The sturdy, red-hued Swedish Anna was greatly disturbed over the blasphemer Nöjd and his way of living: recently, he had taken in an Indian woman to live with him, and what he did to her, each and every one could imagine. He was known to be heathenish, and now he was also carnally mixing with the heathens.

Swedish Anna was considered a deeply religious woman and she was looked up to by her countrymen for her irreproachable morals. Kristina had a deep respect for this woman from Dalecarlia. Swedish Anna was a kind-hearted woman, but kept so strictly to the true religion that she had difficulty in enduring Ulrika after she had turned Baptist, but Kristina defended Ulrika when Swedish Anna called her a hypocrite and a slovenly woman.

Danjel Andreasson praised his niece for having decorated the cabin so nicely: it was attractive and made up to look like a real church, he said.

The table stood in the middle of the room, and Karl Oskar had put planks on sawhorses for the people to sit on. When all were seated there was no place for him, so he went to the woodshed and brought in the chopping block for a chair. The fresh planks smelled pungently of pine and pitch. On the foodboard Kristina had spread her only tablecloth of whole linen, ironed and shining white.
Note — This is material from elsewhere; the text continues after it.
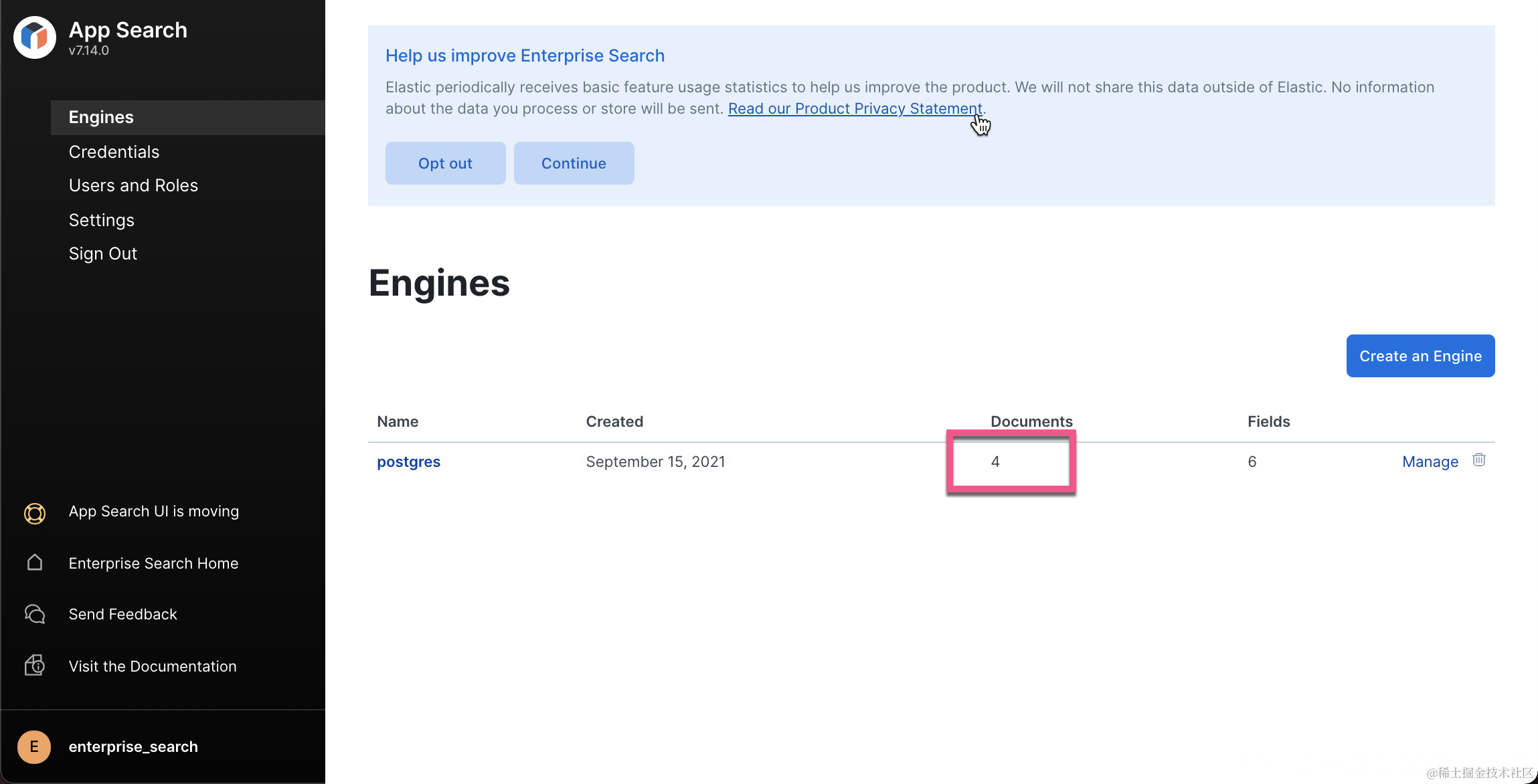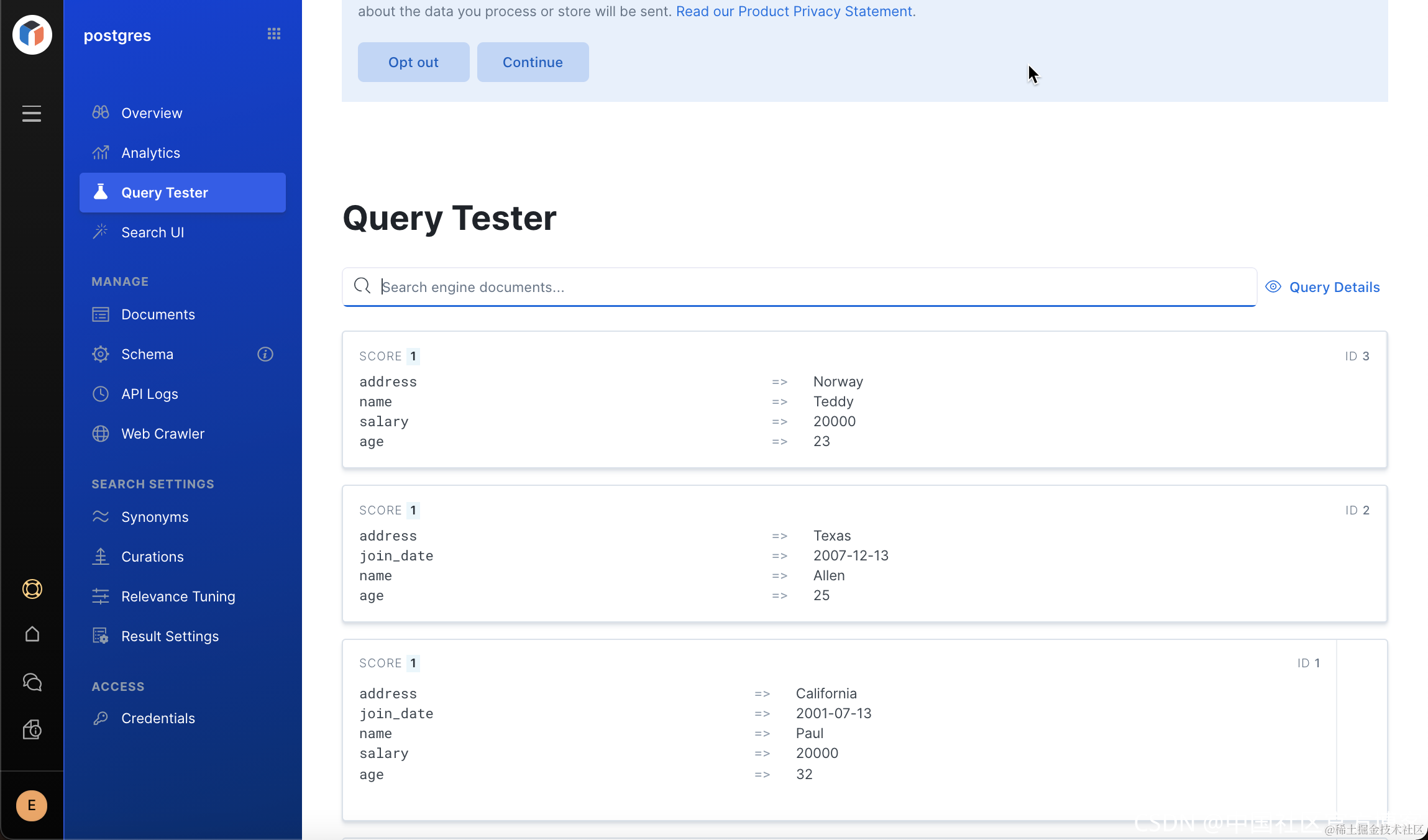 这样我们在 Postgres 数据库中的文档就被成功地导入到 App Search 的引擎中了。我们可以通过如下的方式来进行查看:

There stood the pitcher with the Communion wine, and one of Karl Oskar’s huge brännvin glasses which was to be used as a communion cup. On a small plate lay the communion bread, thin, flat, dry breads, not unlike cookies.

Pastor Törner took his place at the end of the table where the family Bible lay open. His cheeks were newly shaven and shiny, and his thick, light hair was combed straight back. As he stood there in his newly ironed surplice and white collar, Karl Oskar and Kristina could not imagine that this was the same man who on that rainy night had sought shelter in their cabin, dripping like a wet dog, his clothes torn, muddy, his face bloody with mosquito bites.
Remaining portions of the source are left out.